Advanced EDR Evasion via AI Telemetry Spoofing & WASM Sandboxing. Project Onyx is a PoC Red Team pipeline designed to demonstrate advanced evasion techniques against modern EDR systems. It shifts away from traditional signature-based obfuscation towards behavioral camouflage and strict environmental keying.

This Project is proof-of-concept red team research, studying an unconventional multi-layer execution pipeline. The architecture chains five distinct techniques: AI telemetry camouflage, hardware-bound environment keying, ONNX weight steganography, in-memory WebAssembly sandboxing and Dead-Drop C2 via downlink model updates --> into a single functional delivery chain.

Project Onyx does not claim a working bypass of production EDR systems. It is an architectural sketch: each component is implemented and functional as part of the chain, but each layer would require dedicated research to become meaningful against real-world defenses.Project Onyx is best understood as a structured starting point for that kind of exploration. The runtime payload is intentionally limited to a heartbeat beacon, allowing the full pipeline to be examined without shipping destructive or post-exploitation behavior.

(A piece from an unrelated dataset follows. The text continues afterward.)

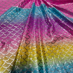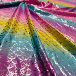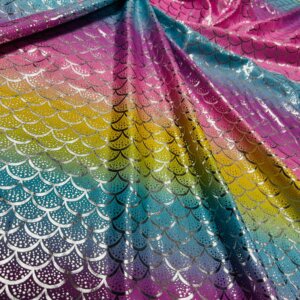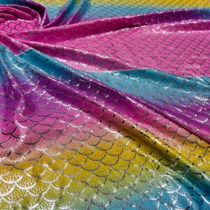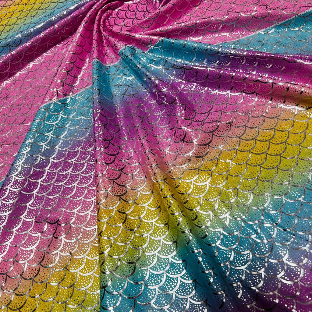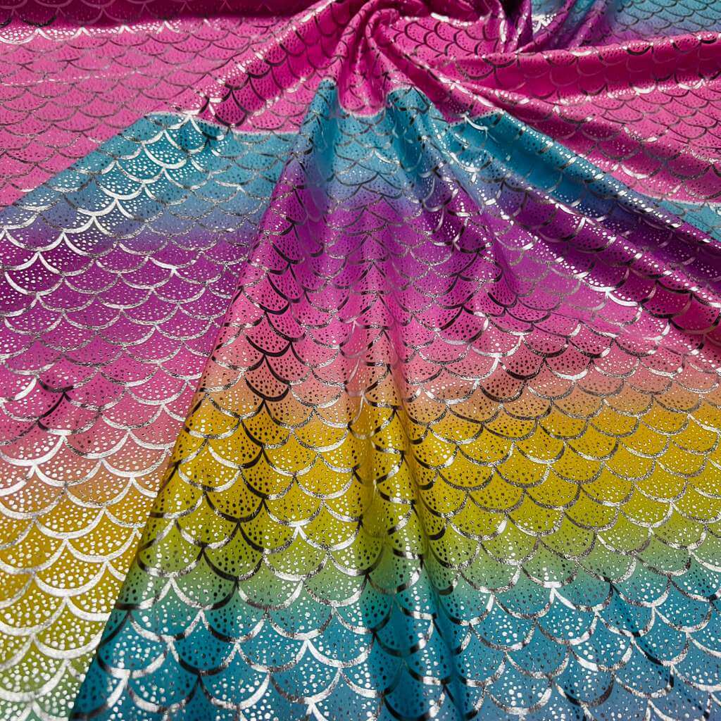 Vibrant Rainbow Mermaid Scales print Nylon Spandex Fabric 4 Way Stretch By Yard for swimwear dancewear gymwear sportwear

Core Concepts / UPDATE = Project Onyx v2

  1. AI Decoy (Behavioral Camouflage): Now, Project Onyx embeds a legitimate SqueezeNet 1.0 ONNX image-classification model sourced from Hugging Face's ONNX Model Zoo mirror. Before the WebAssembly heartbeat module is executed, the host runs repeated real tensor inference workloads using Microsoft's onnxruntime. This makes the ONNX artifact an active part of the pipeline rather than a decorative file like previous tiny MLP.
  2. Environmental Keying: It significantly raises the bar for sandbox analysis and reverse engineering without access to the exact target machine. The decryption keys are dynamically derived from the SHA-256 hash of the target's MachineGuid, Volume Serial Number, and the current user's SID.
  3. WASM Sandboxing: The actual payload is compiled to WebAssembly (WASM) and executed entirely in-memory using the wasm3 interpreter. The host C++ application acts merely as a loader and API bridge, exposing safe host functions to the WASM sandbox.
  4. ONNX Weight Vault: The AES-256 key material required to decrypt the WebAssembly heartbeat module is embedded into the least significant mantissa bits of float32 ONNX weights. The host extracts this weight vault from the embedded model bytes, authenticates it, and only then recovers the demo key material.
  5. Metadata Vault Fallback: The original authenticated metadata vault remains for compatibility and build-time verification. New assets prefer the weight vault, while the metadata vault documents the same protected material in a more inspectable form.
  6. Dead-Drop C2 via downlink model updates: The pipeline demonstrates a covert communication channel using ONNX model updates. An operator can embed an authenticated directive inside the LSBs of weights that have naturally changed during fine-tuning. These changes are identified via delta analysis between the updated model and the reference (base) model. To maintain a safe PoC scope, the runtime strictly accepts only heartbeat_ack and set_status directives, demonstrating channel viability without enabling arbitrary command execution.

Project Onyx Chain

Highly Recommended

See docs/architecture.md for the FULL end-to-end technical sketch. (I recommend, for better understanding).

Legal Disclaimer

This project is created solely for educational purposes, security research, and authorized Red Team operations.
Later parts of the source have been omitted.